Fifth century Coptic fragment of the Psalms

[Biblia Sahidica - VT - Psalmi]. [Fragment of a MS Coptic Psalter: Psalms 19:7-20:3 and 20:6-10].

[Upper Egypt (probably the White Monastery, Sohag), ca. 425 CE / first half of fifth century].

Sahidic Coptic manuscript on vellum. Single leaf, ca. 125 x 120 mm, written on recto and verso, per extensum. Ca. 17 (of 27) lines in a very fine large upright Coptic uncial, text partly indented "per cola et commata".

 18,000.00

A fragmentary leaf from a very early, unpublished Coptic Psalter, written in the Sahidic dialect of Upper Egypt about 150 years after it was first translated from Greek (see Budge, Nagel). The script here is a fine Coptic Uncial, derived from Greek Uncial, and showing its ultimate debt to older epigraphic letter forms in its monumental and rounded majuscules and absence of spacing between words.
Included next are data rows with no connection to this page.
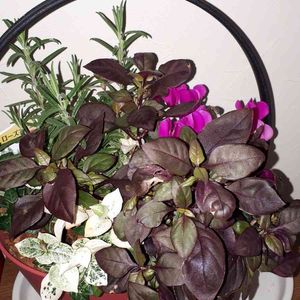 頂き物の寄せ植え*:・'°☆ ローズマリー・ハツユキカズラ・ガーデンシクラメン 手前の子の名前を分かる方がいたら、教えて下さい!!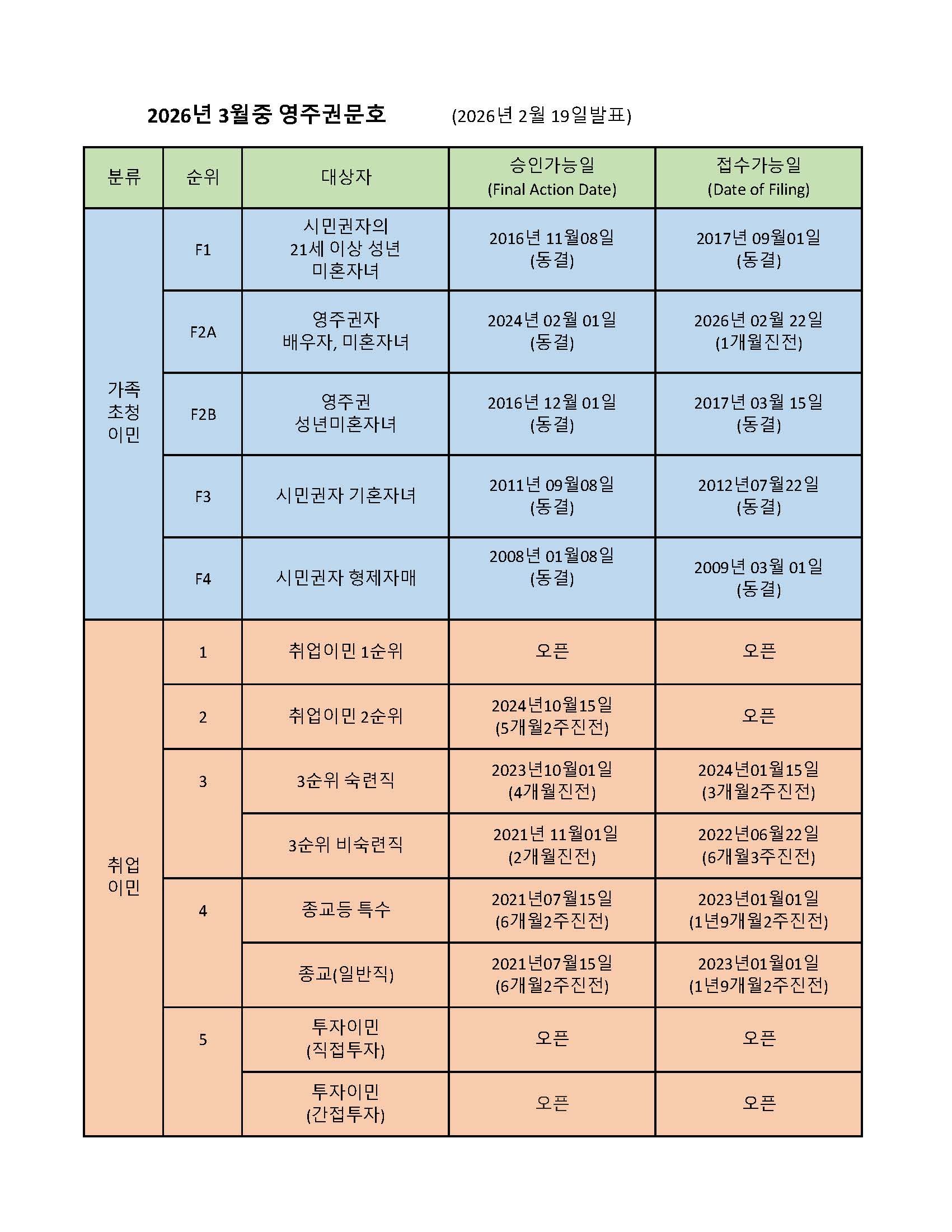 미국 국무부(DOS)는 2월 19일 2026년 3월중 영주권문호(Visa Bulletin)를 발표했습니다. 3월 영주권문호에서는 취업이민 승인가능일(Final Action Date)과 접수가능일(Filing Date)에서 모두 크게 진전이 되었습니다. 가족이민의경우 영주권자배우자와 미성년자녀인 F2A 접수가능일(Filing Date)이 1개월 진전되고 나머지는 모두 동결되었습니다.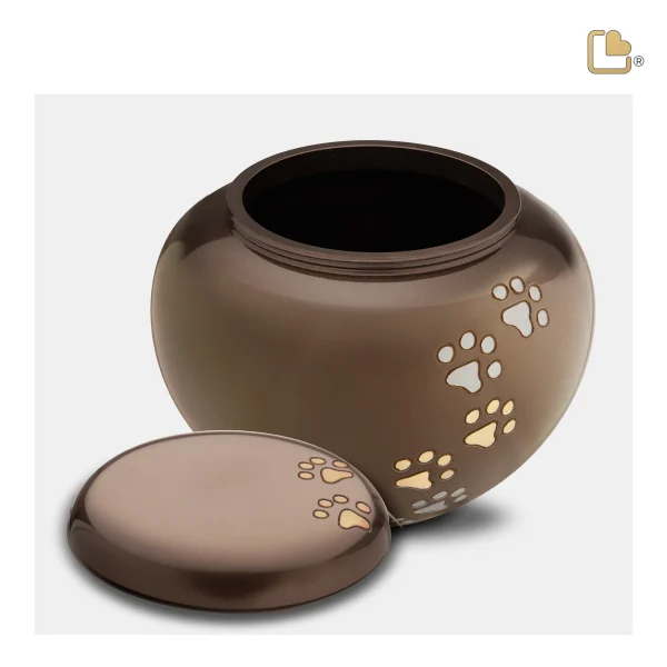 Met handgegraveerde gouden en zilveren pootafdrukken die langs de zijkant van de urn omhoog lopen en zelfs op het deksel verschijnen, vormt deze urn een eerbetoon aan de speelse aard van uw dierbare huisdier.

The present fragment comprises the end of Psalm 19 and the beginning of Psalm 20 (20/21 in the Masoretic tradition): "We will glory in the name of the Lord our God ... O Lord, the king shall rejoice in thy strength; and in thy salvation he shall greatly exult. Thou hast granted him the desire of his soul, and hast not withheld from him the request of his lips ... Let thy hand be found by all thine enemies: ... the Lord shall trouble them in his anger, and fire shall devour them. Thou shalt destroy their fruit from the earth".

Most probably produced for use in the White Monastery (or the Monastery of St. Shenouda), Deir el-Abiad, near Sohag, Egypt, a Coptic Orthodox monastery near the Upper Egyptian city of Sohag. It was founded by St. Pigol in 442 CE, and grew substantially in importance after his nephew St. Shenouda the Archimandrite (d. 466 CE) took over in 385 CE. A prolific writer, he launched a literacy campaign within the monastery, producing a large library and establishing the house as perhaps the most important in the Coptic Church. When the first European visitors reached the monastery, the library was housed in a room to the north of the central apse called the 'Secret Chamber', which could be entered only through a hidden passage. The hoard of more than 9,000 early Coptic leaves was discovered by G. Maspero in 1883, and most of it is now in Paris, Bibliothèque Nationale, but parts are held in the Pierpont Morgan Library, Cambridge University Library and Biblioteca Apostolica Vaticana.

Provenance

1) Likely from the White Monastery (or the Monastery of St. Shenouda), Deir el-Abiad, near Sohag, Egypt.

2) In the collection of Maurice Nahman (1868-1948), French collector-dealer, and Head Cashier at the Crédit Foncier d'Egypte in Cairo, who used this position to establish himself as the foremost antiquity dealer of Cairo in the 1920s and 1930s. A sale of part of his collection was held by Christie's, London, on 2 March 1937. After his death his son kept the business going until 1953, and then the remaining stock was offered at Hotel Drouot, Paris, on 26-27 February and 5 June 1953, with the remainder apparently passing to Erik von Scherling.

3) Schoyen Collection, London and Oslo, addendum to their MS 114.

Condition

Vellum wrinkled and shrunken. Fragmentary; some edges browned or lightly soiled; several small holes affecting the text.

References

Schøyen MS 114 (addendum). Cf. E. A. Wallis Budge, The Earliest Known Coptic Psalter, 1898, and P. Nagel, ‘Der sahidische Psalter’, Der Septuaginta-Psalter, ed. Aejmelaeus and Quast, 2000, pp. 82-96.